PROPERTY developer Danny Murphy expects to see his landmark project Ellenbrook back in the news as Western Australia moves towards a state election and bickering begins again about a promised railway to the 10,500-homes project in the north-east corridor.
Mr Murphy, founder of LWP Property Group, said the move by both major parties to promise a railway to Ellenbrook at the last election simply highlighted the inadequacies of the state’s planning processes.
“It will come up in the next election,” he said.
“It will be a political football for the next 10 years, rather than someone sitting down and creating a feasible plan for the railway.”
The LWP boss acknowledges that a rail line to Ellenbrook is simply not appropriate in the short-to-medium term, given the relatively small population in the area.
But he has his own proposal for a rapid transit bus service, which would satisfy locals and make more financial sense.
But Mr Murphy’s development at Ellenbrook is almost three quarters complete and, as such, not riding on political whims as much as other projects at various planning stages.
In fact, LWP is largely past the most difficult stages of property development across its WA portfolio, which includes 3,500 lots in Byford called The Glades, 2,800 lots in the greater Alkimos area marketed as Trinity and 200 lots at Denmark. LWP’s focus has shifted east, where it has a 7,500-lot development in the Hunter Valley in NSW.
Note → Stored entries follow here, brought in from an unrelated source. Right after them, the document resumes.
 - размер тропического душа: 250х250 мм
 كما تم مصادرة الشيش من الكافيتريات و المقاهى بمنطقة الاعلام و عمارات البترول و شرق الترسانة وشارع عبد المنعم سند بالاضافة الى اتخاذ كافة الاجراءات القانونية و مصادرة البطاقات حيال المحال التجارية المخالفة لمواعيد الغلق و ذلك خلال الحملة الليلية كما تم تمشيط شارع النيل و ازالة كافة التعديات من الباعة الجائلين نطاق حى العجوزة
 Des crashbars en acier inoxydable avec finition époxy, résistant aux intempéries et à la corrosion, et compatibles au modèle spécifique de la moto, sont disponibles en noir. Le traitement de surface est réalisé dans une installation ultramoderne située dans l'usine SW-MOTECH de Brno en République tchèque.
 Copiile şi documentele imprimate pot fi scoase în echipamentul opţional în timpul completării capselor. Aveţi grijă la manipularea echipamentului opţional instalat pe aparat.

While he works closely with the WA government – Ellenbrook is a joint venture with the state’s Department of Housing – the maturity of his local portfolio allows him a little more latitude to offer advice to politicians, based on his experience, on how they could improve property development and take pressure off the increasingly costly creation of new homes.
A new plan for the metropolitan region, like that of the 1955 Stephenson-Hepburn plan, which has now reached its limits, would be a good start; especially if politicians followed it, agencies acted together to deliver on it and funding was properly allocated for each step.
Bring in local government planning and remove federal bureaucracy from the process and it might start to work, Mr Murphy said.
“You are generally looking at five years,” he said, with regard to getting a property development fully approved.
“That is far too long. In WA we [LWP] are in the fortunate position of being through this process and are in the business of developing and selling.
“But we have seen no improvement in the process.”
Instead, Mr Murphy said, different agencies appear to have different agendas that work against each other, frustrating developers who sit in the middle trying to interpret these different views.
“There is not enough coordination between the various state government agencies and between the state, local and federal governments; that last one is the area of environmental approvals,” he said.
“There needs to be an urban development committee of cabinet involving the relevant ministers.
“Once they tick off the plan, the agencies must follow; it needs to come from the top.”
He said the interpretation of user pays is a significant issue understood differently by agencies, especially those that have to put in infrastructure such as electricity, sewerage and transport when they might not have the money at hand to do so.
And a more narrow view of recouping housing development costs had significantly shifted the burden to first homebuyers, when previously affordable housing was created by spreading the cost was over generations of users.
“They should ensure funding is in place,” Mr Murphy said.
“It is what business does. If you want to build a new mine you have to have all the elements in place, including funding.
“You get Treasury to sign off on those plans.”